“你怎么知道我在这儿。”陆崖扔完剑就坐在了陆芸溪身边,上上下下打量著这世上唯一的亲人。
十年没见了,那个扛著铁锹打服一条街的小女孩,在举目无亲的街头,打崩了一座城市。
而陆崖坐在她身边,依旧像是十年前那个,盯著姐姐手里奥利奥饼乾的小男孩。
陆芸溪伸手揉了揉陆崖的脑袋,把他的头髮揉成鸡窝。
然后扫了眼周围稀稀疏疏出现的鬼卒:“这还不简单这些鬼卒不断变化聚集方向,城市不断被破坏、升级,肯定是在围攻金羽姬。”
“但他们的聚集方向却往往和金羽姬有两三百米的距离。”
“所以把隨便几个鬼卒的行进方向变成一条无限延伸的线,它们的焦点就是你的位置。”
她笑著看向陆崖:“就你小子心里那点弯弯绕绕,能瞒得过老娘”
“我特么就说为什么我在调戏金羽姬的时候,总感觉有人在看著我!”陆崖骂骂咧咧。
陆芸溪没说话,只是看向万从戎的方向。
神兵在手的那一刻,陆崖明显感觉万从戎有些不一样了。
不可见的量子狂潮在他身边激盪,连陆崖这个超凡一品都感觉到周围空气中所有的法则在激烈地变换著。
他向前一步,头顶那属於天元强者的九日凌空瞬息之间化作九个量子坍缩点护在四面八方,其中两个就在陆崖与陆芸溪的前后,保护著这对姐弟。

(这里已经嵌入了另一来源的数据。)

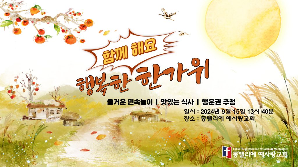 추석 나눔 : 오늘은 예배 후 이어서 추석 나눔 행사를 진행합니다. 서로 인사를 나누며 좋은 친교의 시간이 되시기를 바랍니다. 한복 […]

这柄无限品级的神兵超越了天元的极限,陆崖注入浑身星能也发挥不到百分之五的威力。
万从戎这半步天元境界,恐怕也只能发挥出一半威力。
金羽姬刚才大杀四方,头顶的九日也显得虚浮,身体里的星能不足五成。
她骤然长啸,身体化作翼展万米的神凰冲天而起,隨后俯衝而下。
她离地还有三千米,巨大的压力已经让整座宫殿那些诡异的建筑瞬间崩塌。
这是绝对的力量,她知道自己唯一的优势就是这半品生命品级,对身体,对命墟星铸带来的加成。
【凤囚凰】在大地上每个角落,竖起起一根根锐利的,直插地面的凤凰翎毛。
它锁住了规则,锁住了空间,她把秽土阴宫变成了一个无法逃逸的八角笼,逼迫万从戎与她正面死战。
“来得好!”万从戎一代人王,无惧无畏。
无论是数百年前逆斩苍龙王,还是发兵西北,直入腹地,他都是战场最前方的那一个。
治国理政不会,人情世故不懂,这一生只知道这搏命廝杀。
他向著凤凰冲天而去,甩起金塔,让七个量子坍缩点聚集到自己面前,成为七面人类能铸造的,最坚固的血盾。
然后他双手握剑,尾隨血盾疾驰。
凤呼啸,凰长鸣,金羽姬逆冲天地,用身体將量子坍缩撞回宇宙原本的形態。
一个,两个,三个
五个……六个……
这来自大荒的城主和低等九夷的至强者之间只剩下最后一个量子坍缩环。
万从戎双手握剑,来自祖宗的“人皇破军斩”蓄势待发。
金羽姬收拢双翼,凤鸣岐山已经衔在嘴中,啸破苍穹。
最后一个量子坍缩环被他们一同撞碎,巨大的衝击力隨著坍缩弥散。
金色的凤影与血红的剑光剎那闪耀整个长空。
那一刻,陆芸溪和陆崖只看见了白光。